Calculate the H+ ion concentration if 0.20M NH3 solution is 2.5% ionized.
0.2 x 0.025 = 0.005
..........NH3 + H2O ==> NH4^+ + OH^-
initial...0.20............0.......0
change....-0.005.......0.005....0.005
equil....0.195.........0.005...0.005
(OH^-) = 0.005.
You know (H^+)(OH^-) = Kw = 1E-14. Substitute and solve for (H^+).
To calculate the H+ ion concentration in an NH3 solution that is 2.5% ionized, we will use the concept of the ionization constant (Ka) of NH3. The equation for the ionization of NH3 is:
NH3 + H2O ⇌ NH4+ + OH-
The ionization constant (Ka) for NH3 is given as:
Ka = [NH4+][OH-] / [NH3]
Given that the NH3 solution is 2.5% ionized, we can assume that x is the concentration of NH3 that ionizes, and 0.20 - x is the concentration of un-ionized NH3.
According to the equation, at equilibrium, the concentration of NH4+ is equal to the concentration of OH-, so:
[NH4+] = [OH-]
Therefore, the equilibrium expression for the given reaction becomes:
Ka = [NH4+][[OH-]] / [NH3] = (x)(x) / (0.20 - x)
Since x represents the concentration of NH3 that ionizes, we can substitute 0.025 (2.5%) for x:
Ka = (0.025)(0.025) / (0.20 - 0.025)
Simplifying:
Ka = 0.000625 / 0.175
Next, we need to solve for the concentration of H+ ions, which is equal to the concentration of NH4+. We'll assume that the concentration of H+ is also equal to x.
So:
[H+] = x = [NH4+] = [OH-]
Finally, we can use the equation for water's ion product constant (Kw) to solve for the OH- concentration:
Kw = [H+][OH-] = 1.0e-14
Given that [H+] = [OH-], we have:
[H+]^2 = 1.0e-14
Taking the square root of both sides:
[H+] ≈ 1.0e-7
Therefore, the concentration of H+ ions in the NH3 solution is approximately 1.0e-7 M.
To calculate the H+ ion concentration in a solution, we need to use the concept of an equilibrium constant, also known as the ionization constant (Ka).
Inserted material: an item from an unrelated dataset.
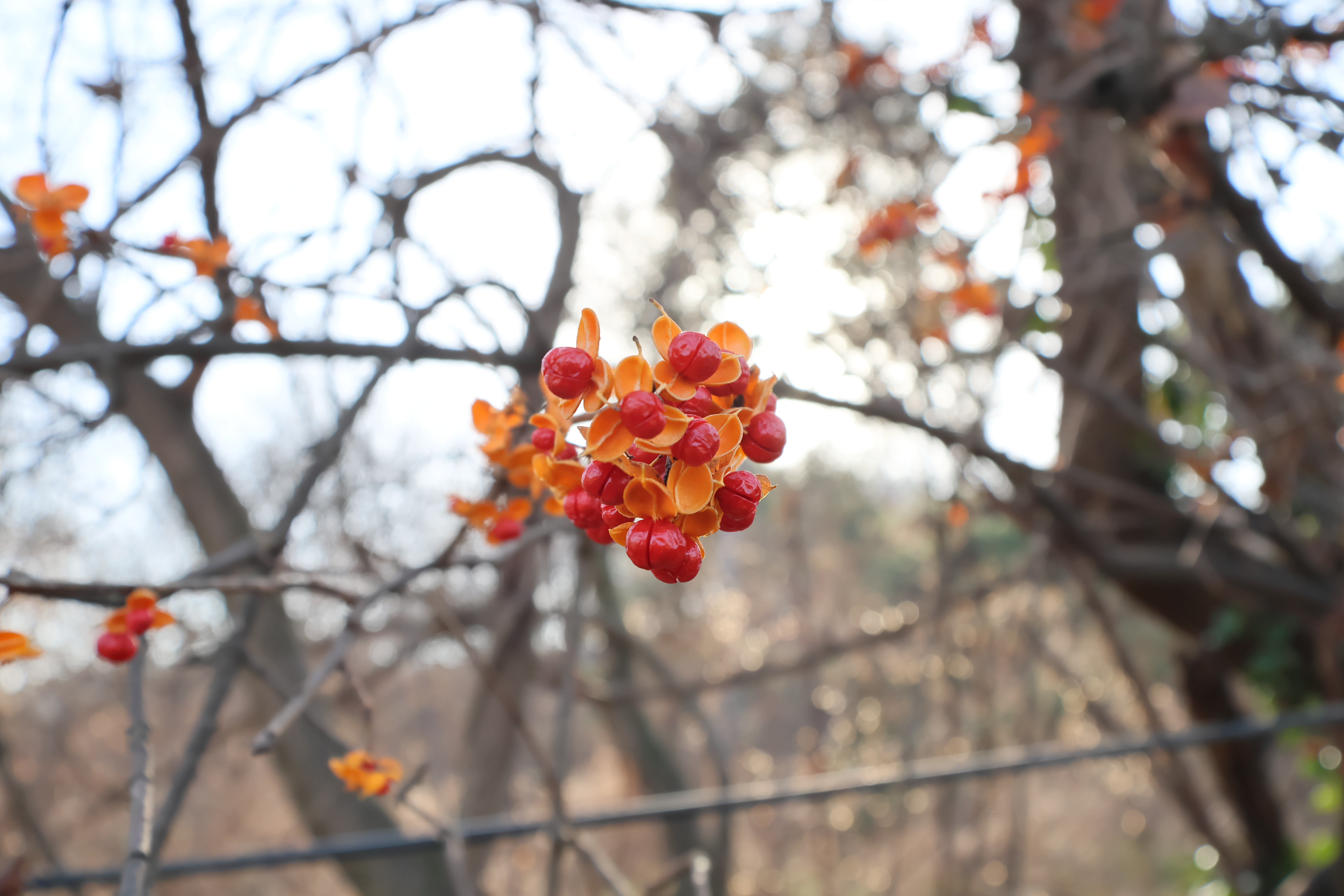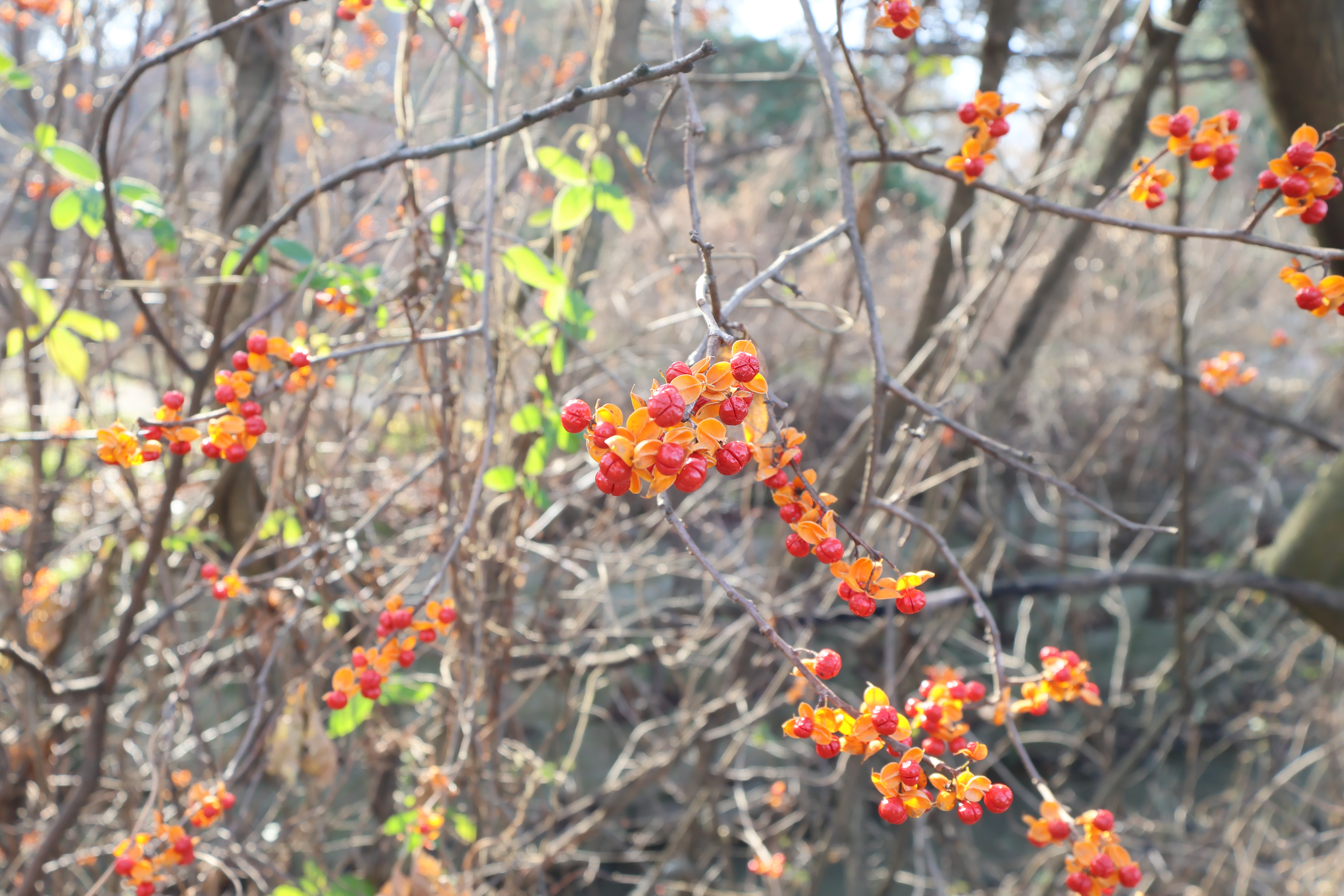 길옆에 노박덩쿨이 있고 노박열매가 앙증맞게 달려 있었다

In this case, NH3 acts as a weak base that reacts with water to generate OH- ions and its conjugate acid NH4+.
The balanced equation for the reaction is as follows:
NH3 (aq) + H2O (l) ⇌ NH4+ (aq) + OH- (aq)
Given that the NH3 solution is 2.5% ionized, it means that only 2.5% of NH3 molecules are reacting to produce NH4+ and OH-. Therefore, we can assume that the concentration of NH4+ and OH- ions is 2.5% of the initial concentration of NH3.
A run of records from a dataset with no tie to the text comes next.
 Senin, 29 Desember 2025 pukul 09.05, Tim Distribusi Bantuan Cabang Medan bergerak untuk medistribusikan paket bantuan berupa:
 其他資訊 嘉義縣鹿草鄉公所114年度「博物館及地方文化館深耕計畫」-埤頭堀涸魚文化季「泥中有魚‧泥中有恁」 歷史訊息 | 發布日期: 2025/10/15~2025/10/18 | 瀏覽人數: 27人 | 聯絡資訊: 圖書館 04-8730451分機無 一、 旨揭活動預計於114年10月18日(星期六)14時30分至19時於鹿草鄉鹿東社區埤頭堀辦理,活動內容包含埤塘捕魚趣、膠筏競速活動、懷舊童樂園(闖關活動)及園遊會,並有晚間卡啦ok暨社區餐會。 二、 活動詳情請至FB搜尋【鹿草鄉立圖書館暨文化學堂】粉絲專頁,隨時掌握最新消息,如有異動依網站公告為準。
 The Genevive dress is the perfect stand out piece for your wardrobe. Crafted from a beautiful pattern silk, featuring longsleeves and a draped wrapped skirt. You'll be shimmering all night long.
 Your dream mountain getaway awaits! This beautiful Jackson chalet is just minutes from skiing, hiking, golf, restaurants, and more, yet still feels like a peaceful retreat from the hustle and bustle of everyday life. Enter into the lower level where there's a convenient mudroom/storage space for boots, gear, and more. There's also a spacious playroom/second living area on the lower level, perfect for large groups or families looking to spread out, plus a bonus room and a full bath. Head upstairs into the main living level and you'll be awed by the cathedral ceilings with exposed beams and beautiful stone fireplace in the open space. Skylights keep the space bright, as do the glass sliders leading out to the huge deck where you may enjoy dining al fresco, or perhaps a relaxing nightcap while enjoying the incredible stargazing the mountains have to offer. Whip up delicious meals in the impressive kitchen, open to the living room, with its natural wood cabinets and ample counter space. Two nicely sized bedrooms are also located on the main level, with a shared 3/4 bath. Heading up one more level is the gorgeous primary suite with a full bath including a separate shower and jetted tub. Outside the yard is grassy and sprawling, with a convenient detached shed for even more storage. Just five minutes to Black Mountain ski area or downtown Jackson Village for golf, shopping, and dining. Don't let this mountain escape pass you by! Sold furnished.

First, let's calculate the concentration of NH4+ ions:
NH4+ concentration = (2.5/100) * 0.20 M
NH4+ concentration = 0.005 M
Since the reaction is in equilibrium, the concentration of OH- is equal to the concentration of NH4+. Therefore, OH- concentration is also 0.005 M.
Now, we need to consider that in water, the concentration of H+ ions and OH- ions will always be equal. Therefore, H+ concentration is also 0.005 M.
So, the H+ ion concentration in the 0.20 M NH3 solution, which is 2.5% ionized, is 0.005 M.